WHAT YOU NEED TO DO = Everything from the opening line of the records below through the line with "Amazon has a" must be duplicated exactly, pictures left out.

- - - -

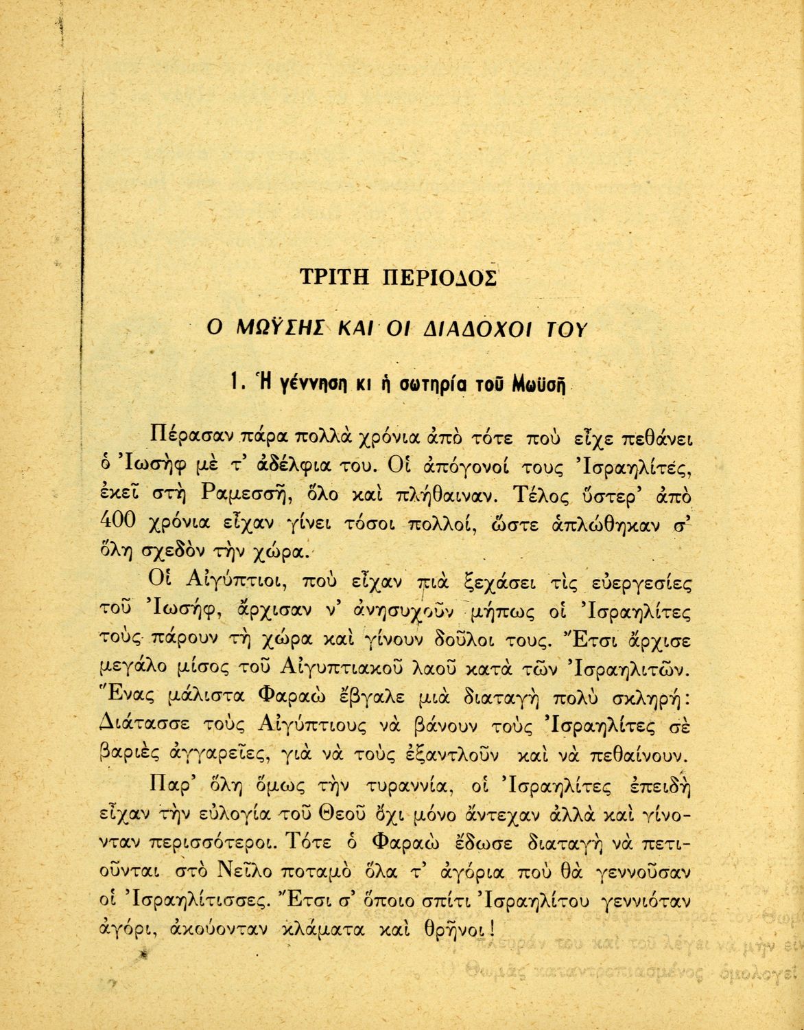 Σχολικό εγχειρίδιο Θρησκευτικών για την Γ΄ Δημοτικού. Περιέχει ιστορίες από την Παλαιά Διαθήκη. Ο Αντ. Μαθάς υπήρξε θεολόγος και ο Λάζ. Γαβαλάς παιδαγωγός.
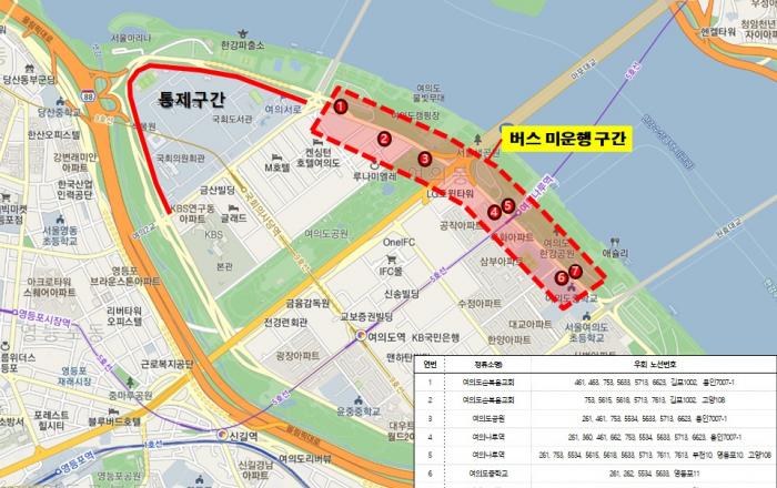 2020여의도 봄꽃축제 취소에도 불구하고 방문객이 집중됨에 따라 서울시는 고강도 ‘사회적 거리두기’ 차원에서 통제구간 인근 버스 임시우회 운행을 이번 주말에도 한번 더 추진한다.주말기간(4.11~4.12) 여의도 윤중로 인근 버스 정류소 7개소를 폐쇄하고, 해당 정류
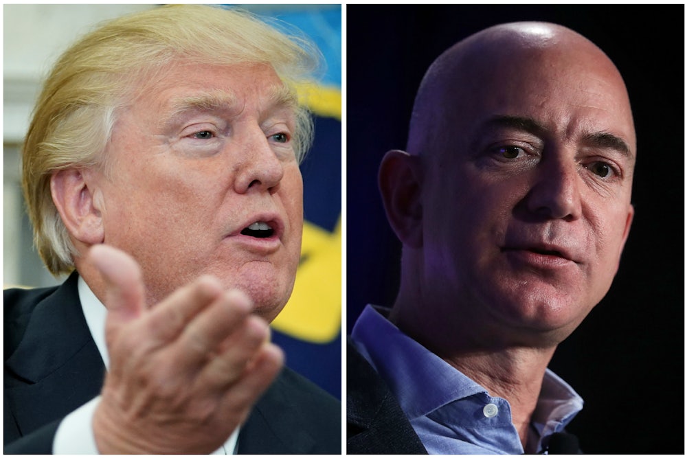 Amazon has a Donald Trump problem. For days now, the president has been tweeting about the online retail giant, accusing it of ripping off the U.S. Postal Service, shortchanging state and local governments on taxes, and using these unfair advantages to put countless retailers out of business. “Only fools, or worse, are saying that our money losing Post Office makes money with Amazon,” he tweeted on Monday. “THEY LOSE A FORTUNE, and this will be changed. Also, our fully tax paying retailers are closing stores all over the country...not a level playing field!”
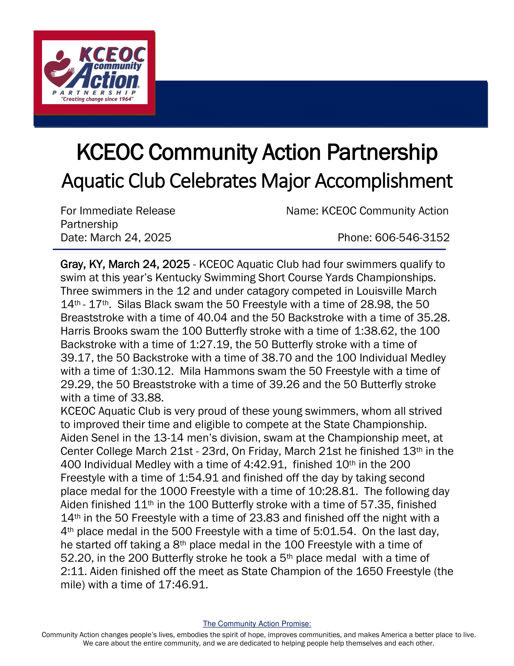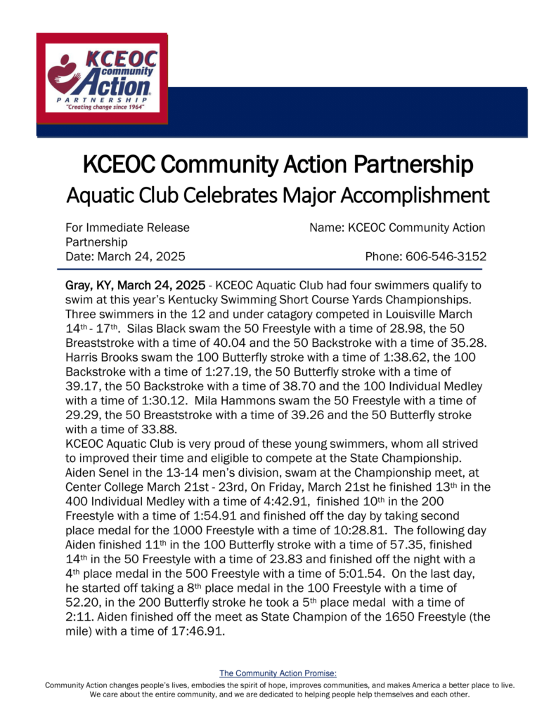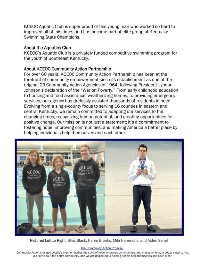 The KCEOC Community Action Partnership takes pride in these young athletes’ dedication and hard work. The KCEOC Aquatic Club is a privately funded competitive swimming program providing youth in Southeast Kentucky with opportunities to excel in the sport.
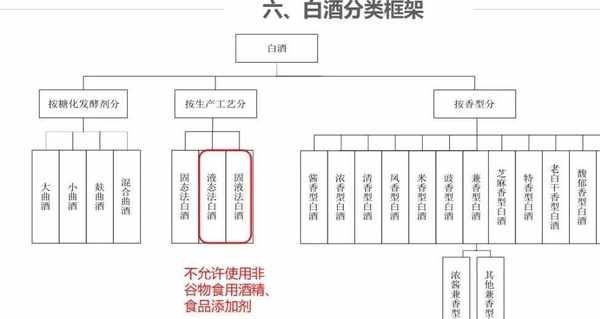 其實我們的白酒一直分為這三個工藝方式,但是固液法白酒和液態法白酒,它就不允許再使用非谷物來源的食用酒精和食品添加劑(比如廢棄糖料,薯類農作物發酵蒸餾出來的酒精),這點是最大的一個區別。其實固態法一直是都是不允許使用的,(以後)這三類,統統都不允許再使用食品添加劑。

- - - -

ANSWER AREA =
 Σχολικό εγχειρίδιο Θρησκευτικών για την Γ΄ Δημοτικού. Περιέχει ιστορίες από την Παλαιά Διαθήκη. Ο Αντ. Μαθάς υπήρξε θεολόγος και ο Λάζ. Γαβαλάς παιδαγωγός.
 2020여의도 봄꽃축제 취소에도 불구하고 방문객이 집중됨에 따라 서울시는 고강도 ‘사회적 거리두기’ 차원에서 통제구간 인근 버스 임시우회 운행을 이번 주말에도 한번 더 추진한다.주말기간(4.11~4.12) 여의도 윤중로 인근 버스 정류소 7개소를 폐쇄하고, 해당 정류
 Amazon has a Donald Trump problem. For days now, the president has been tweeting about the online retail giant, accusing it of ripping off the U.S. Postal Service, shortchanging state and local governments on taxes, and using these unfair advantages to put countless retailers out of business. “Only fools, or worse, are saying that our money losing Post Office makes money with Amazon,” he tweeted on Monday. “THEY LOSE A FORTUNE, and this will be changed. Also, our fully tax paying retailers are closing stores all over the country...not a level playing field!”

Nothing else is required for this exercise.